A password manager is program that basically stores your passwords. Here are a few of the ways a good password manager can help you keep you secure:

  • It can generate a secure, mumbo-jumbo password, filled with all kinds of characters in various lengths.
  • It can encrypt and save those passwords for you.
  • It can make all those passwords available to you across all the devices you use, safely and securely.
  • It is updated regularly to make sure it is always using the most secure features.
  • Best of all, a password manager is really easy to use.

How much does a good password manager cost?

Sure, the best password managers cost money, but there are a few good free ones out there as well.

I’ve been using 1Password for a few years and like it, it’s a one-time purchase, so you pay once and you’re done. There are other, more popular password keepers like LastPass and Keeper both of which have a yearly subscription fee. PC Magazine breaks out the options and their features for you in a recent review

Depending upon what you want to keep secure, a free password manager could be all you need. At around $12 a year, I think a paid password manager provides more peace of mind. Your data, your personal information, your business information… are all worth securing.

Yes, you can choose a great line of lyrics from your favorite nobody band, a different song for each password, memorize them, and keep them written down on a scrap of paper you keep between the mattresses, but it might just be easier to get a password manager.

Have anything to add to this post? Tell us in the comments. 


  • Sarah Arrow says:

    So we no longer have to have uppercase, lowercase and cross stitch in our passwords! Excellent! I have a client whose passwords are motivational quotes, you can’t help but remember them. Even “ScrewTheDalaiLamaImNotSavingTheWorld” is memorable 😀

  • Yolanda A. Facio says:

    LOL! I love the motivational quote idea especially yours! Thanks Sarah!

  • Eva Schweber says:

    Hi Yolanda,

    I’m Eva and I work for AgileBits, the makers of 1Password.
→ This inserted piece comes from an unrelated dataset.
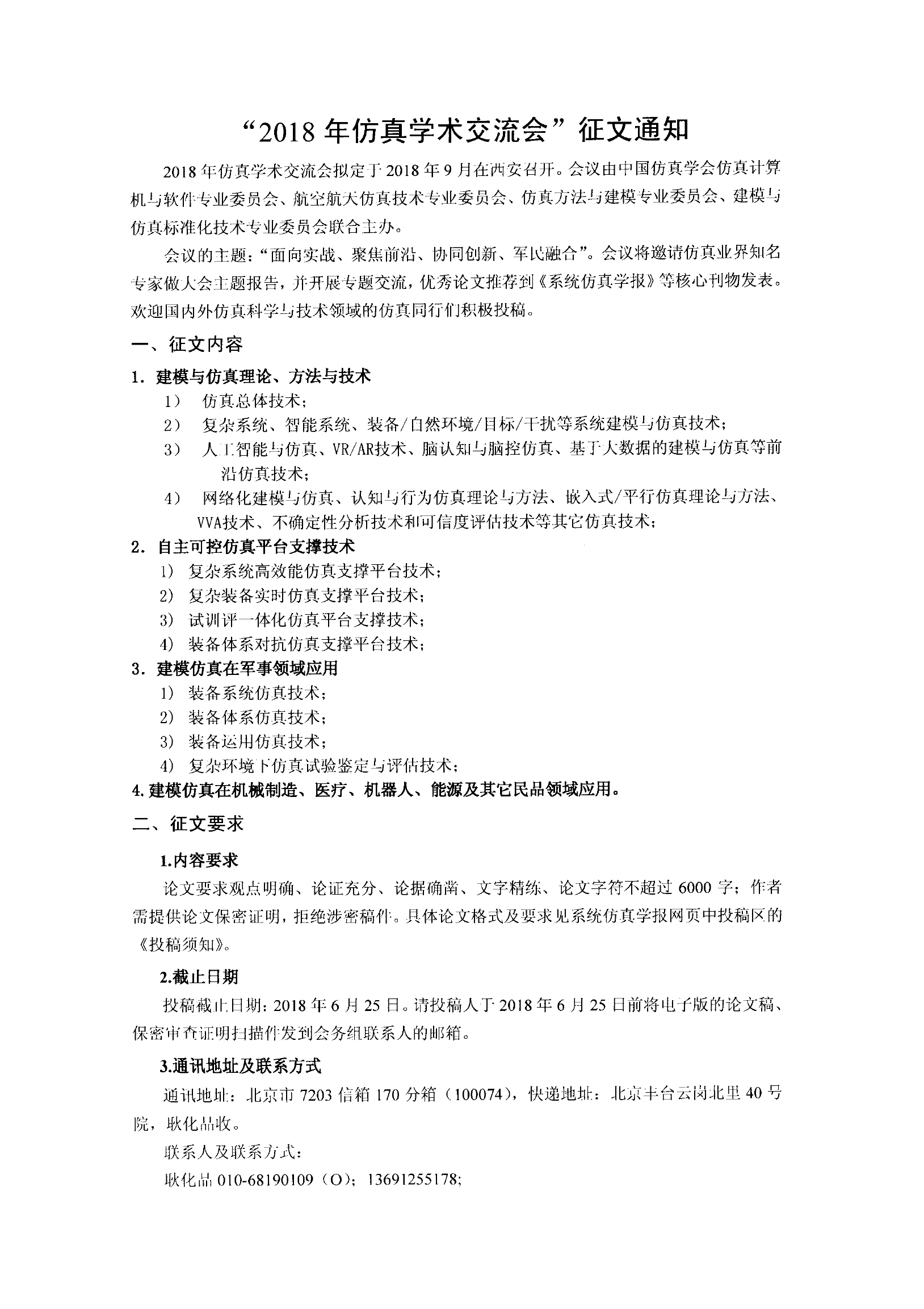 2018年仿真学术交流会征文通知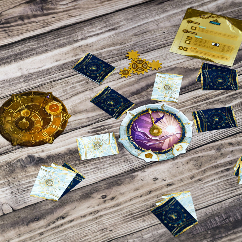 To succeed, players must strategically play 12 face-down cards around a clock, following the special rules of each challenge, all without speaking once the cards are placed.

    I wanted to thank you for taking the time to educate your readers on the importance of online security, and for including 1Password in your discussion!

    In this day and age, it is so important that we all use strong and unique passwords for every site that we visit, and password managers can help make it much more convenient to be secure.

    Keep sharing the secure word!

    Eva Schweber
    Good Witch of the Pacific Northwest @ AgileBits

  • Yolanda A. Facio says:

    Hey Eva! I love 1Password! Thanks for stopping by and we’ll keep spreading the word!